We are trying to understand meaning of “shared_ld_transaction” nvprof event in context of vector shared memory loads on sm_60.

Looking at https://docs.nvidia.com/cuda/cuda-c-programming-guide/index.html#shared-memory-6-x which points to https://docs.nvidia.com/cuda/cuda-c-programming-guide/index.html#shared-memory-5-x,

Shared memory has 32 banks that are organized such that successive 32-bit words map to successive banks. Each bank has a bandwidth of 32 bits per clock cycle.

We have a kernel which is does following access:

reinterpret_cast<float2*>(reg)[0] = reinterpret_cast<float2*>(sbuf)[threadIdx.x%Input_Side_Width];

Consider Input_Side_Width is 4:

The total amount of unique data accessed by warp from shared memory is: 4 (distinct threads) * 2 (float 2) * 4 (sizeof(float)) = 32 bytes.

  1. The access pattern confirms to the broadcast mechanism in Figure 18.
  2. $ nvprof --query-events says:

    shared_ld_transactions: Number of transactions for shared load accesses. Maximum transaction size in maxwell is 128 bytes, any warp accessing more that 128 bytes will cause multiple transactions for a shared load instruction.
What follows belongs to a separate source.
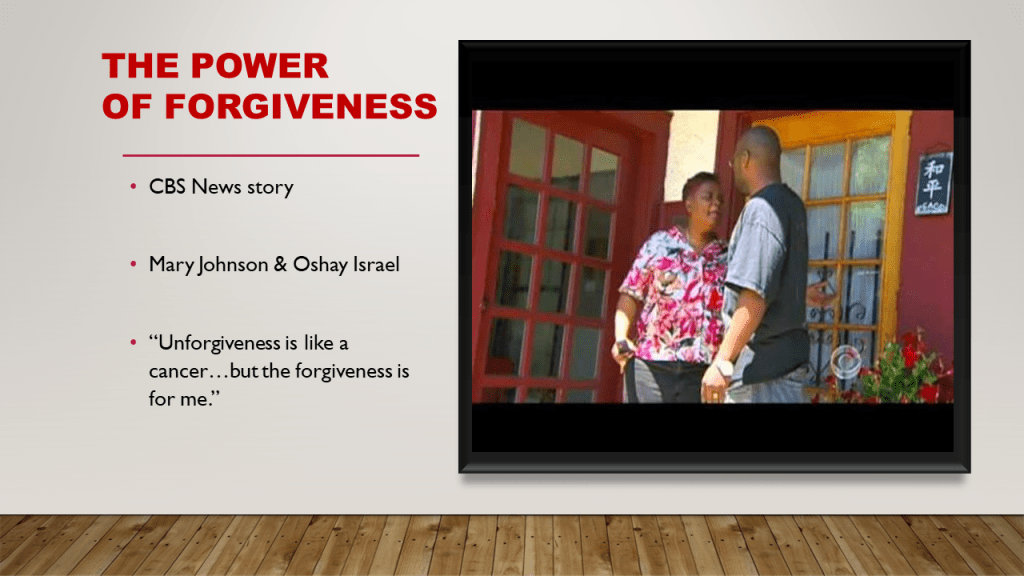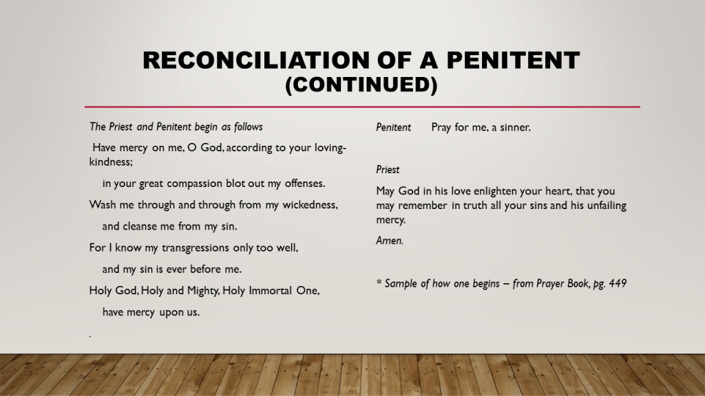 This week, we are continuing our work in our Lenten Class with Prayer, Forgiveness and Reconciliation. We are examining preparing for forgiveness through the lens of sacramental prayer. Our PowerPoint describes sacramental prayer and the rite of Reconciliation of a Penitent. Also, there is a short video of a powerful story about forgiveness. The spiritual practice this week is for you to take time and consider Reconciliation of a Penitent for yourself. Holy Week before Easter is a time when many people prepare and meet one on one with a minister to make their confession and, receiving absolution, are reconciled to God.

This also includes extra transactions caused by shared bank conflicts.

Request size in above access is clearly less than 128 bytes (32 bytes), furthermore nvprof event “shared_ld_bank_conflict” is 0 in this case.

According to 1 and 2, we would expect single transaction to satisfy the request, but profiler shows two transactions.
We are not able to figure out what we are missing.
Thanking you,